Then Playing — The Hard Way; The Lady Gambles; Leave No Trace

The Hard Way (Vincent Sherman, 1943). This drama about a young woman named Katie (Joan Leslie) making her way in the ruthless world of showbiz has some real grit to it, distinguishing a storyline that otherwise hits familiar beats. It helps quite a bit that Ida Lupino plays the behind-the-scenes general of Katie’s relentless match. As usual, Lupino crackles with authority and intent, bringing welcome gravitas to even the most throwaway moments and scenes. Director Vincent Edward does his best to balance everything out, but the era-specific demand that the film be a melodrama, a moody noir, and a stealth musical all at once sometimes gets the better of him. The gears show. In addition to Lupino’s laudable work in The Hard Way, there’s a great supporting turn by Gladys George as an aging diva, playing the weariness of survival with piquant truthfulness and just the right dash of salty ham.

The Lady Gambles (Michael Gordon, 1949). Barbara Stanwyck plays Joan Boothe, the wife of a reporter (Robert Preston) who accompanies her hubby on a business trip to Las Vegas. While he’s out researching hydroelectric dams, Joan gets her beak wet in the casino. Although she’s initially a novice at the various games, Joan quickly falls into a gambling addiction. She stays up all night and fritters away her hubby’s expense account advance. The story gets darker from there. Although it strives for the sordidness of a film noir, The Lady Gambles plays like a stilted issues picture. Michael Gordon directs with a numbing plainness, even in the moments of stark danger. Even Stanwyck seems a little cloistered by the film, unable to really dig her nails into the part.

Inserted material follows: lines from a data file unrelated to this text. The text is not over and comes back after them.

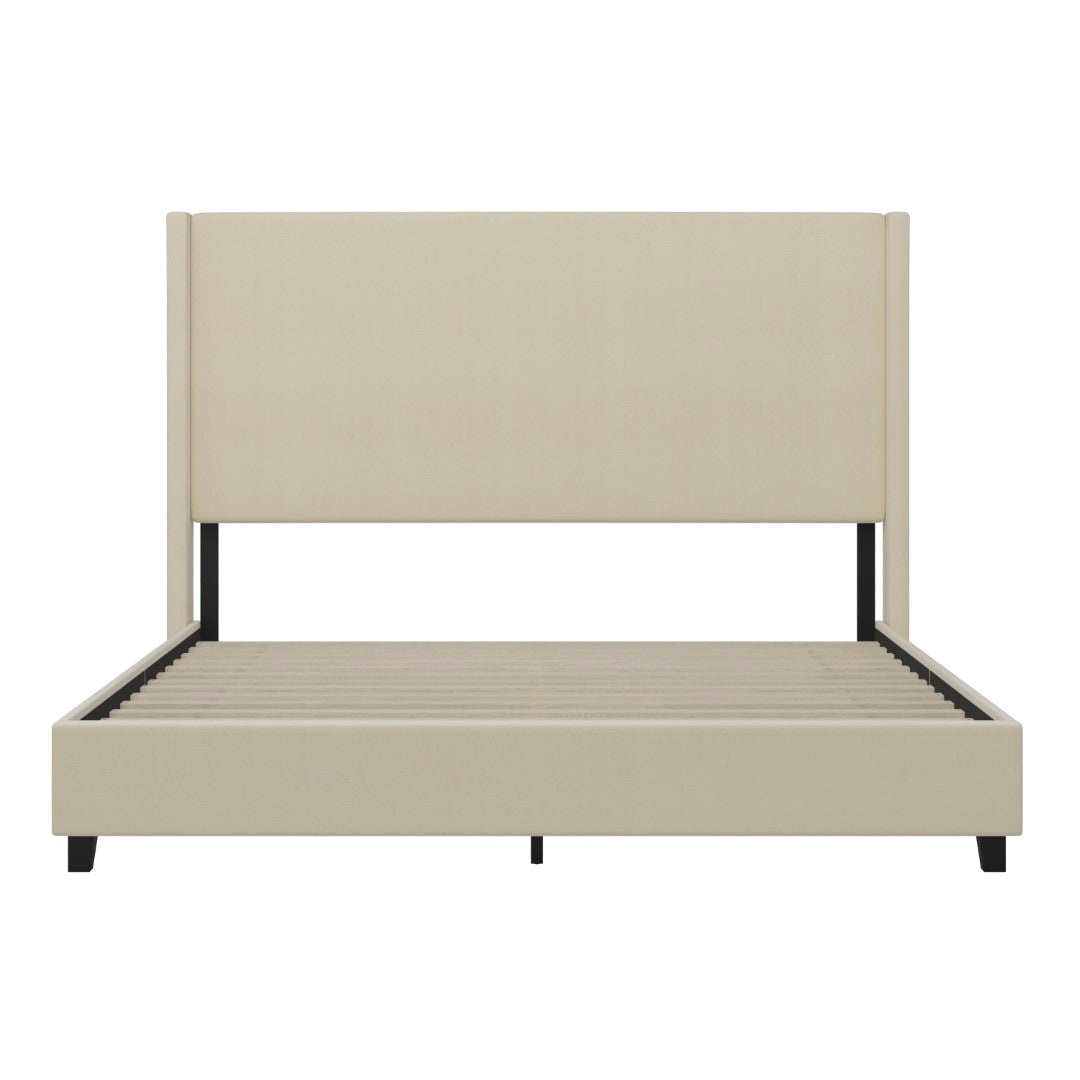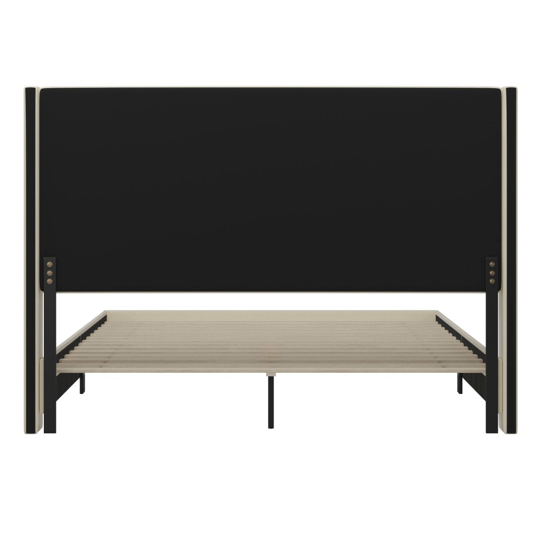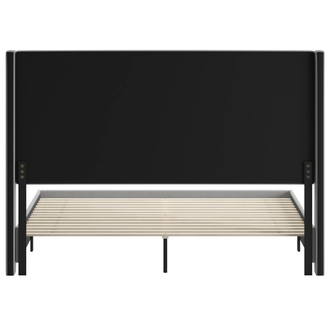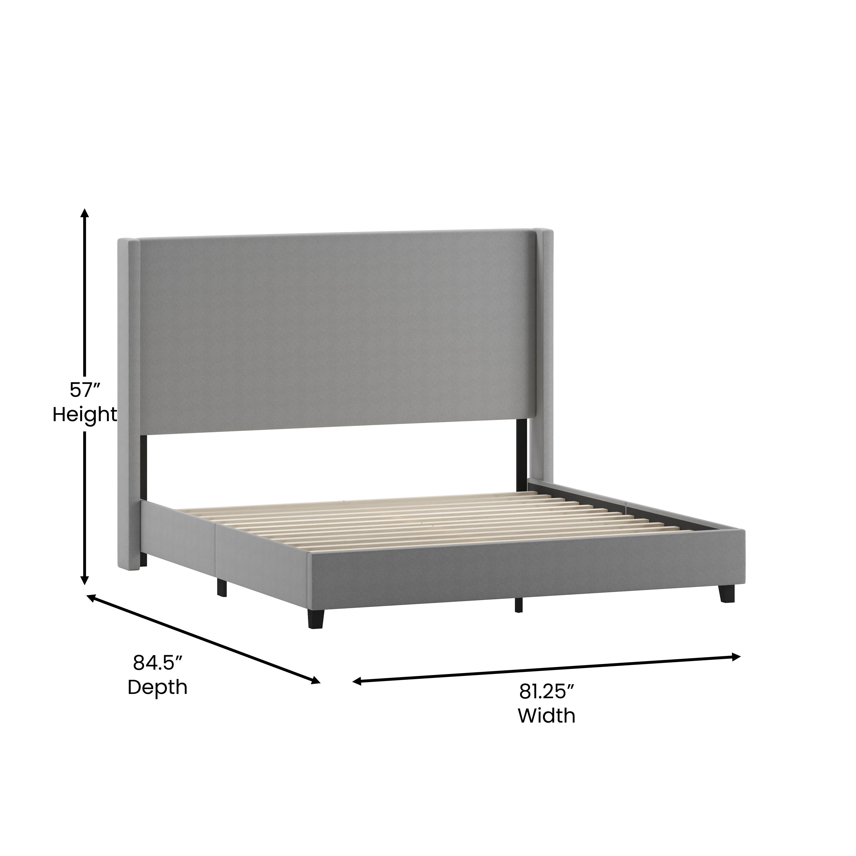 - Modern Upholstered Platform Bed with Wingback Headboard, King
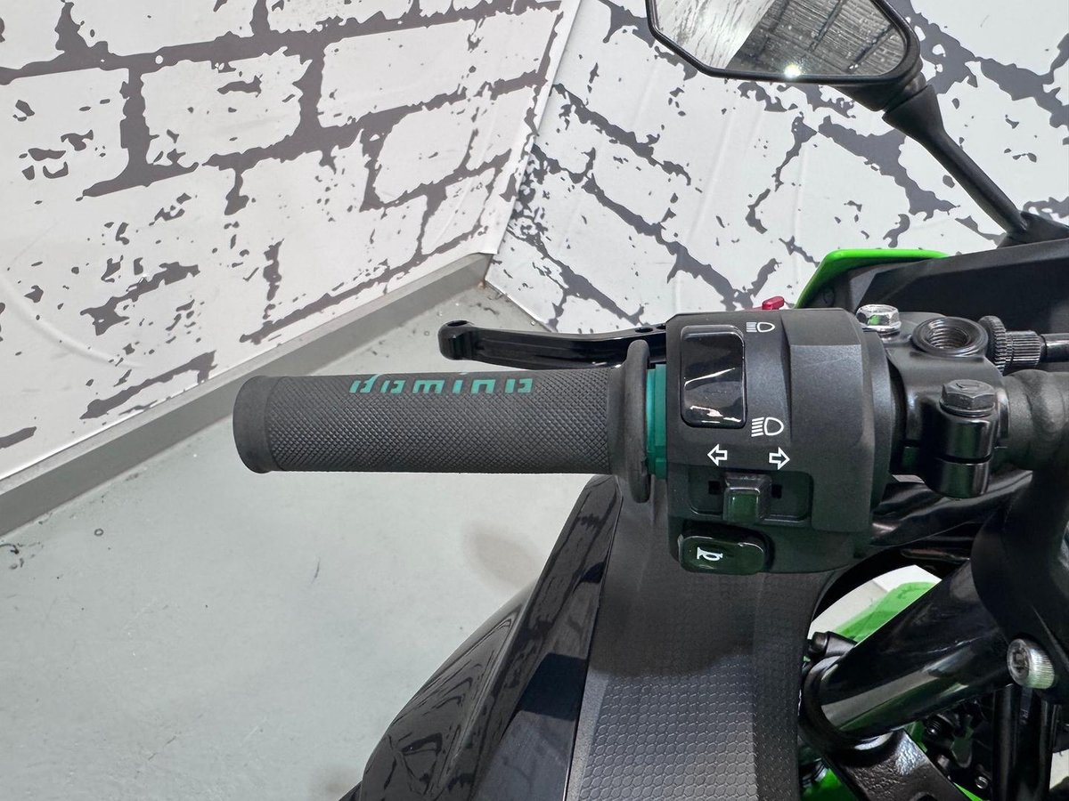 Sharp bodywork inspired by the ZX lineup, with bold graphics and signature Kawasaki attitude.
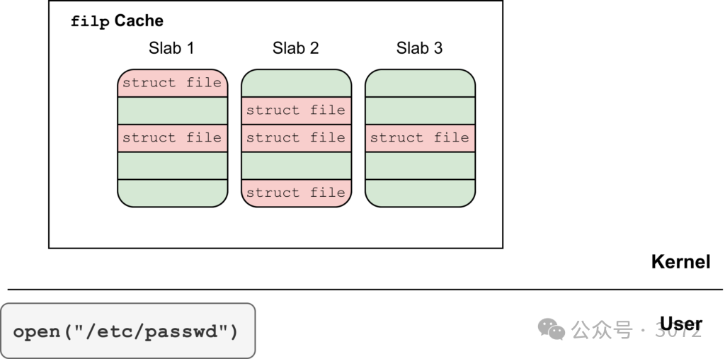 其中这样的缓存 Slab 是 filp,它包含 file 结构体。下一个列表显示了 file 结构体,它表示一个打开的文件。

Leave No Trace (Debra Granik, 2018). Debra Granik’s fiction film follow-up to the superb Winter’s Bone continues her instinctual sympathetic treatment of society’s castaways. Ben Foster plays Will, a military veteran and widower who’s been diagnosed with PTSD. The pain he carries is significant enough that he’s withdrawn almost entirely from society, living with his teenaged daughter, Tom (Thomasin McKenzie), in a makeshift campsite in the dense forestry of public lands in Oregon. When the authorities discover them, Will and Tom are forced to try to adapt to a more conventional living arrangement. Granik approaches the material with emotional acuity and resolute restraint, qualities that both her lead actors bring, too. Leave No Trace is piercing as it traces the pain and uncertainty at the heart of the characters’ march through a world that has no real place for them. It is a work of wounded beauty.